━━ Raw data ━━

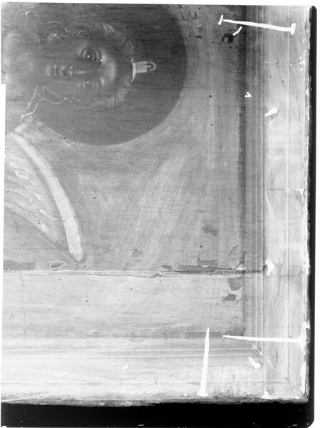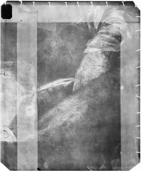 Editor: This is an X-radiograph of "Erasmus," a film of 14 by 17 inches by an anonymous artist. It’s fascinating to see a painting stripped down to its bare bones, revealing what lies beneath. What can we learn from this process? Curator: The X-radiograph emphasizes the physicality of art production. Look at the different densities; they reveal the artist’s layering, their process. How does seeing these material decisions change your understanding of the finished painting and the labor involved? Editor: It makes me consider the intent of the artist; to conceal, to reveal, to change, through this process. Curator: Exactly. It challenges the idea of art as solely aesthetic, forcing us to consider the material realities and choices behind its creation. It's about understanding the means of production, not just the final product. Editor: I see it now, it shifts my perspective completely. Curator: Yes, analyzing the material provides a tangible link to artistic labor.
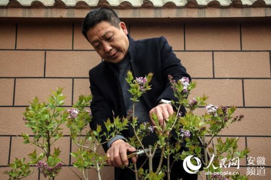 赵发根正在修建自家院子里的绿植。人民网 陶涛摄
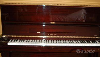 Vendo Pianoforte Verticale Samick SU 121 usato poco, in buone condizioni, come da foto. Da accordare e manca il panno di feltro (sordina) per ovattare il suono. Solo persone veramente interessate. Ritiro a mano, non spedisco.
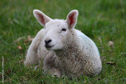 © UniquePhotoArts, Obraz premium Lamb sitting in a field
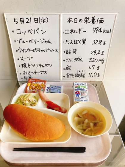 今日の給食では、豚肉、塩、香辛料などを混ぜ合わせて作られたウィンナーソーセージに手作りのケチャップソースをかけています。
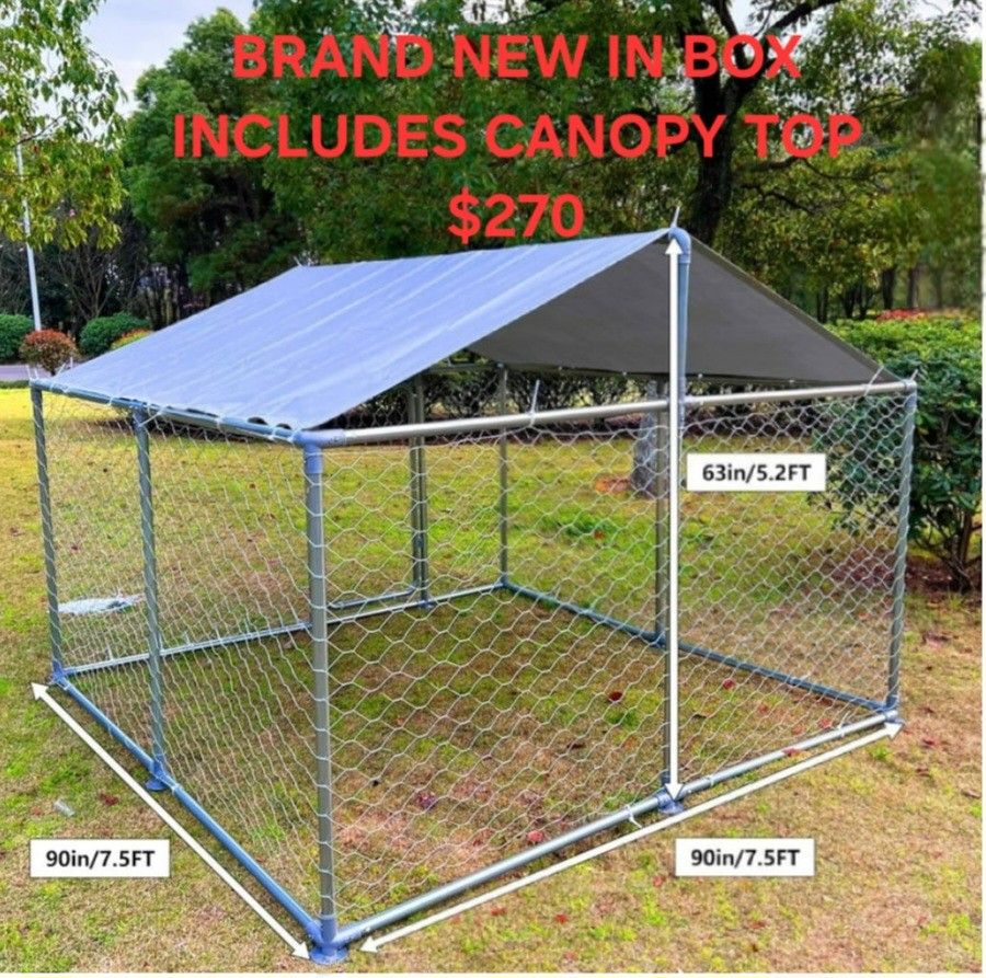 Brand new in box 7.5 x 7.5 x 5.2 ft large dog kennel with galvanized metal frame. Lockable door, water proof tarp, anti ultraviolet tarp roof cover. Great for sun and heat protection. Easy wrap around assembly. Just over 5 ft tall with Apex Frame. Great for garden fence , dog run, animal cage , pigs, goats chickens, puppies , xl dogs, coyote protection. I offer dog crates, houses, playpens whelping boxes as well. Please see my page. Jaulas de mascota

━━━

## Exercise goal
Find the line with "赵发根正在修建自家院子里的绿植。人民网 陶涛摄" in the data above, and from there retype each line exactly through the line with "sitting in a field", skipping the pictures along the way.

## Response to the task
 赵发根正在修建自家院子里的绿植。人民网 陶涛摄
 Vendo Pianoforte Verticale Samick SU 121 usato poco, in buone condizioni, come da foto. Da accordare e manca il panno di feltro (sordina) per ovattare il suono. Solo persone veramente interessate. Ritiro a mano, non spedisco.
 © UniquePhotoArts, Obraz premium Lamb sitting in a field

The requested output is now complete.